Write Team: Through the eyes of a child

June and her parents stayed at our house on the Fourth of July. June is 17 months old.

Papa was in the kitchen when he heard June. When he opened her bedroom door June smiled at him.

“Stay in bed,” Papa told June’s parents. “I’ll feed June breakfast and entertain her.”

Papa and June split a bowl of steel cut oats.

“Let’s go outside June and see what we can find.”

The backyard stretched from the house to the shack to the ravine beyond. Sunlight made its way through the ravine and fell in streaks across the lawn.

Now she can, June prefers to walk. They walked to one of the big oak trees. Papa lifted June up.

“Look.”

On the oak was a concrete face of a woman with her eyes closed.

June waved.

“Hi.”

June talked to the face in a string of syllables that rose in the middle, fell, and then rose again at the end. Uptalking.

“She’s not alive if that’s what you’re asking.”

June accepted that. They walked to the next oak.

Papa said the names of the face parts nailed to this tree: eyes, nose mouth, and then pointed to June’s corresponding parts and said them again. June touched both sides of her head.

“You’re right. No ears. Poor tree can’t hear a thing.”

June looked deeply into Papa’s eyes, as if to agree.

Papa and June walked onto the shack porch. On a nearby choke cherry tree is a red steel bear.

“Look.”

“Hi,” June said, waving.

“What does the bear say?”

“GRRR!”

“You’re right June. You are darned smart. You know that?”

Papa and June walked into the shack. June’s eyes grew wide. She reached up for the deer foreleg on Papa’s stereo speaker.

“Don’t touch that June. Papa found it. Coyotes ate the rest.”

June saw a vinyl head near the rafters.

“Hi,” June said, waving.

“That’s Howdy Doody. All that’s left of a ventriloquist doll Papa got long ago.”

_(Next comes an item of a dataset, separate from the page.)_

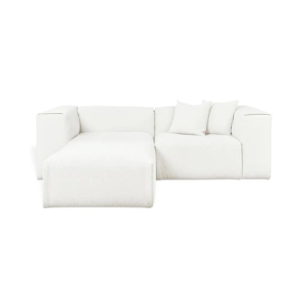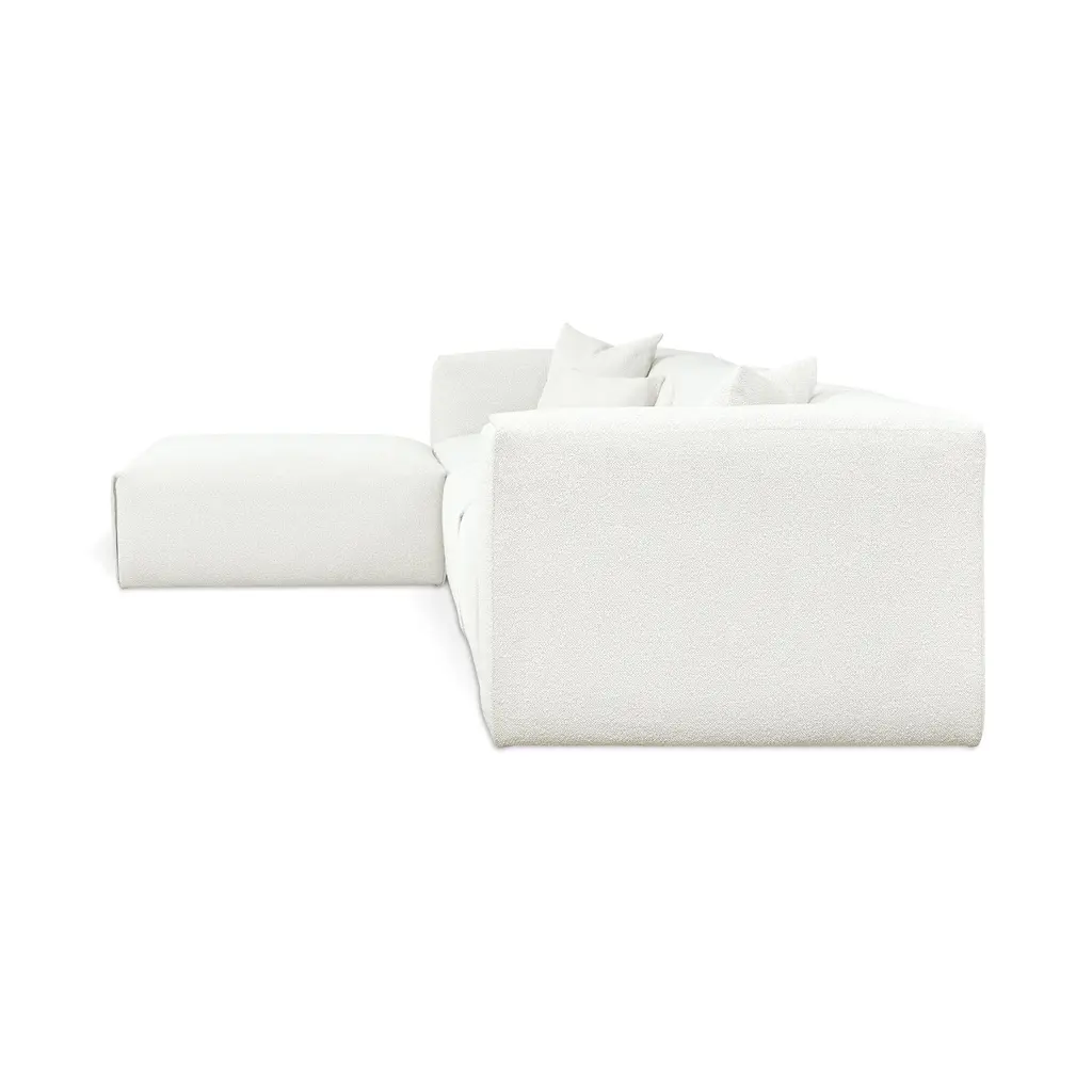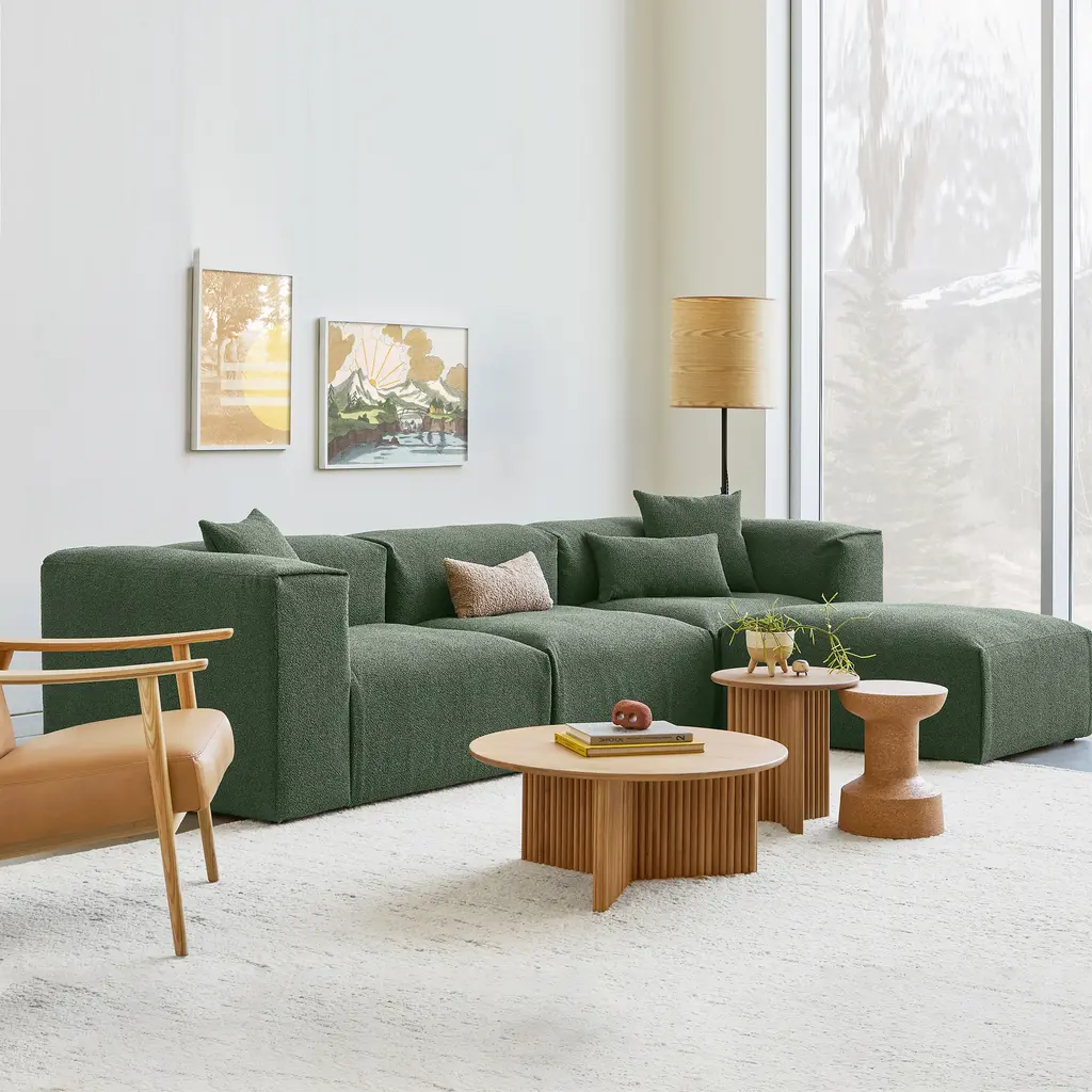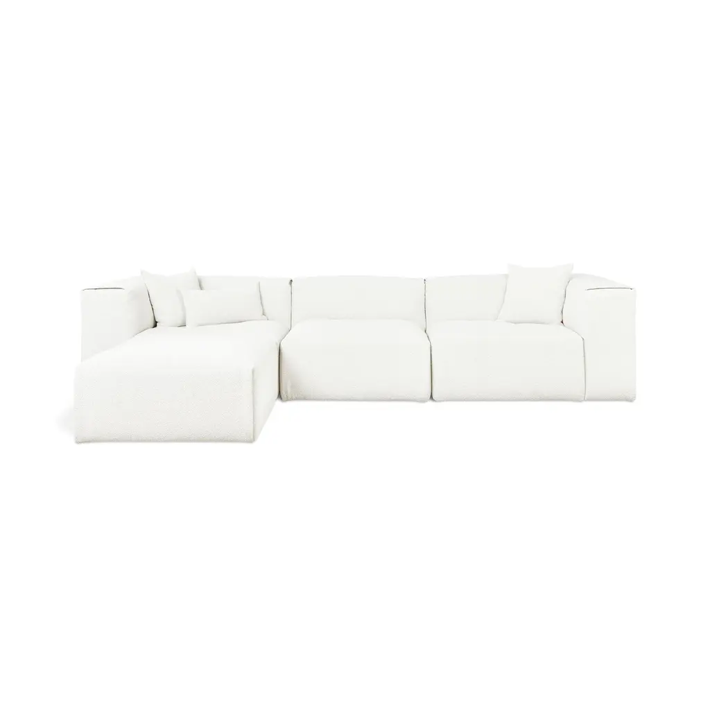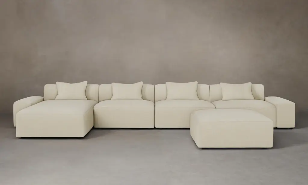 Indulge in the ultimate luxury lounging experience with the Nest Modular 4-piece Sectional from Gus. Featuring plush comfort, a sleek design, and endless configurations, this collection adapts to your evolving lifestyle. The premium feather fill and nubby bouclé fabric add a touch of sophistication, making it perfect for any setting, from a beach house to a boutique hotel lobby. Highlights

June turned around. Her eyes found a wooden mask in the peak of the gable. She looked frightened.

“Hi,” she said softly, waving to the scary mask hanging high on the wall.

“Let’s go back outside June.”

The sun was higher, shining through the oaks. A breeze swayed their branches. Shadows and patches of light danced across the lawn.

Papa saw something. He pointed across the lawn. June saw it too.

“It’s a bunny.”

June has a book with bunnies. But as far as Papa knew, this was her first look at a real bunny.

“Hi,” June said, waving.

“Go pet the bunny.”

June looked back at Papa, her eyes wide, then ran towards it.

The bunny froze. June never slowed. She waved again.

“Hi.”

The bunny finally ran but not far. It stopped and froze again.

June ran on, waving. When the bunny changed direction, so did June. Papa felt too far away and scurried after them.

A baby bunny in its first summer, running from June in her second summer, followed by Papa in his 71st.

Oh, to be a baby in a world where every face is worthy of a wave and every new image a discovery. And thank God for allowing old men to again see the world through the eyes of a child.